START Data for this task
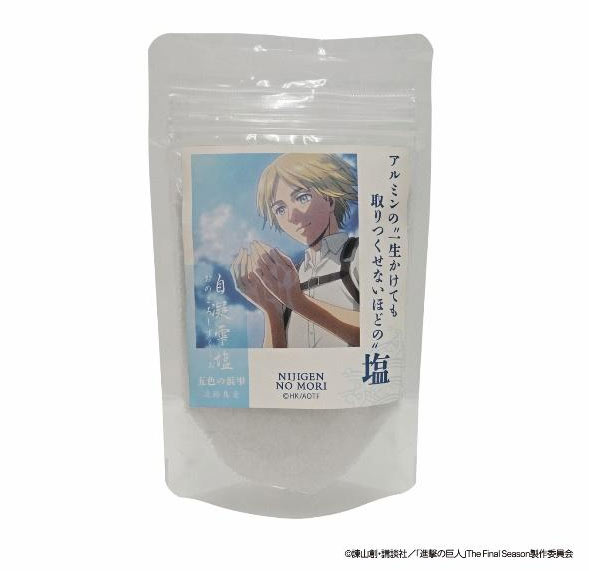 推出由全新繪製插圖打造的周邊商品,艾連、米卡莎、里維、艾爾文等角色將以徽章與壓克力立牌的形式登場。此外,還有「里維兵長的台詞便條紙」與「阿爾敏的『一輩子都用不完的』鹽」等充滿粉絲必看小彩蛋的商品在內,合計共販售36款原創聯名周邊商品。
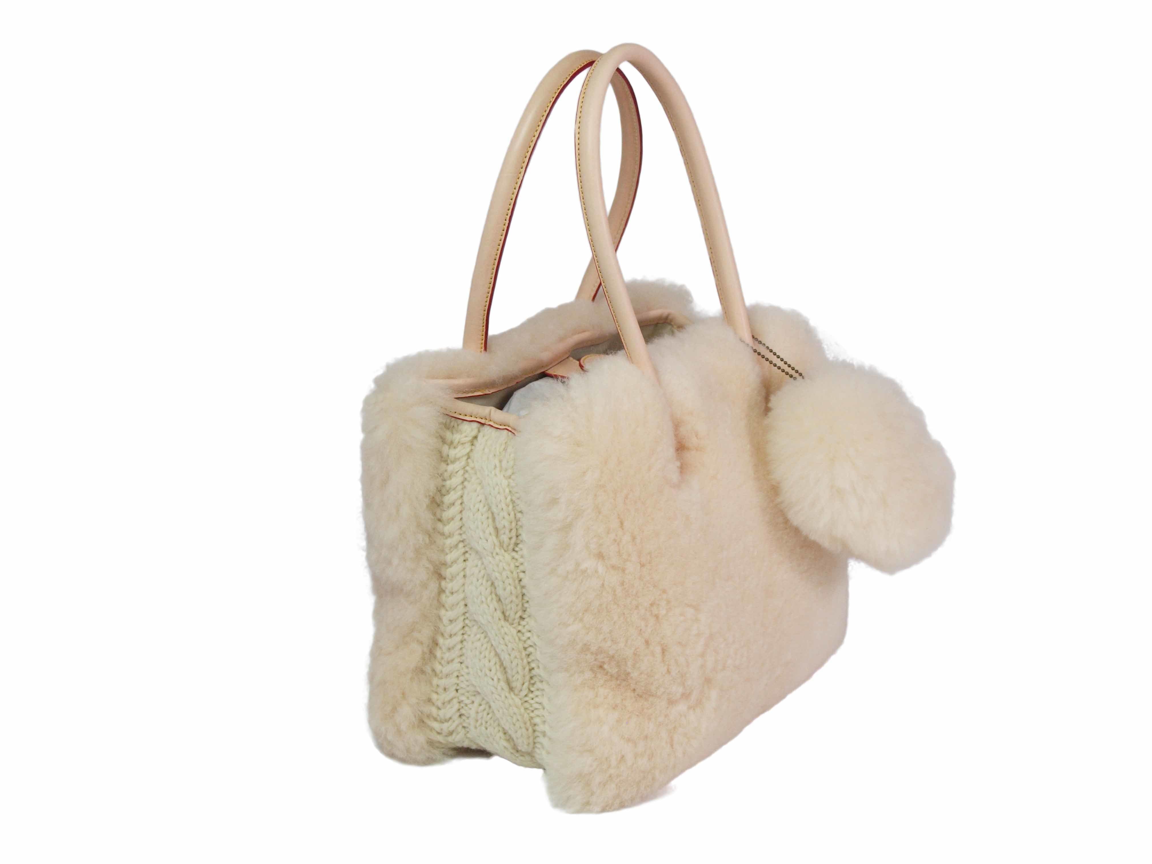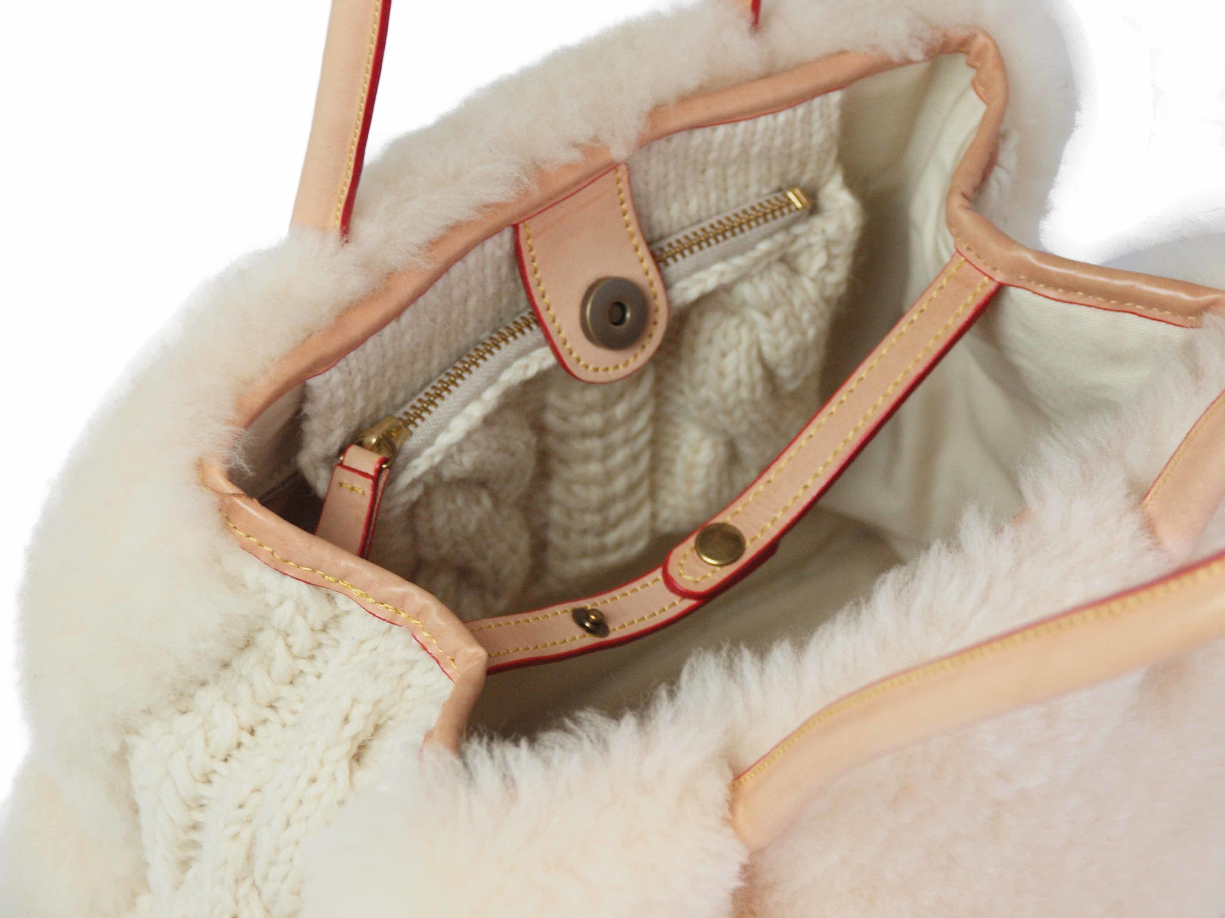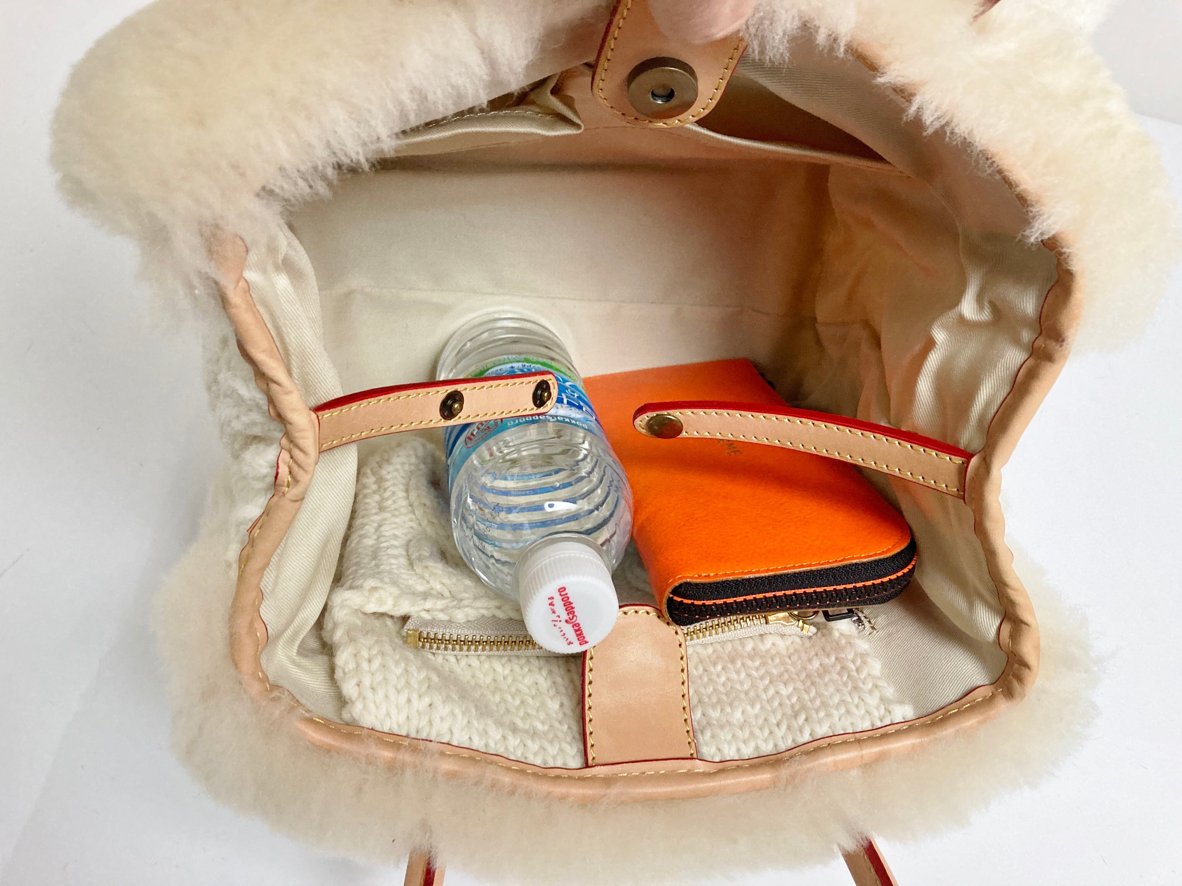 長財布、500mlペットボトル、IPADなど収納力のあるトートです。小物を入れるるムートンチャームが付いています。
END Data for this task
START Data for this task
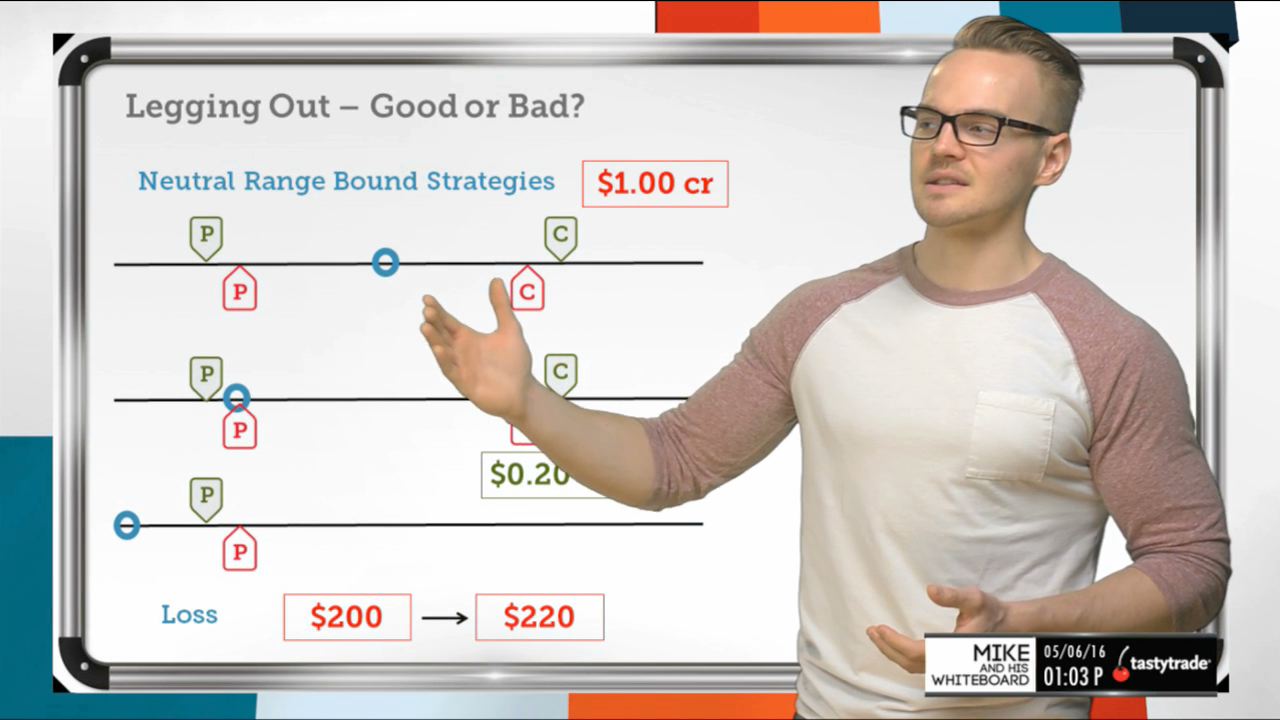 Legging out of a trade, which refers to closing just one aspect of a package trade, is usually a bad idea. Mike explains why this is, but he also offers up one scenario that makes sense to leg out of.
END Data for this task
◆ **Problem to solve**
Among the records above, locate the line containing "推出由全新繪製插圖打造的周邊" and the line containing "長財布、500mlペットボト", then transcribe exactly the lines starting at the first and ending at the second, with no pictures.

◆ **Completed exercise**
 推出由全新繪製插圖打造的周邊商品,艾連、米卡莎、里維、艾爾文等角色將以徽章與壓克力立牌的形式登場。此外,還有「里維兵長的台詞便條紙」與「阿爾敏的『一輩子都用不完的』鹽」等充滿粉絲必看小彩蛋的商品在內,合計共販售36款原創聯名周邊商品。
 長財布、500mlペットボトル、IPADなど収納力のあるトートです。小物を入れるるムートンチャームが付いています。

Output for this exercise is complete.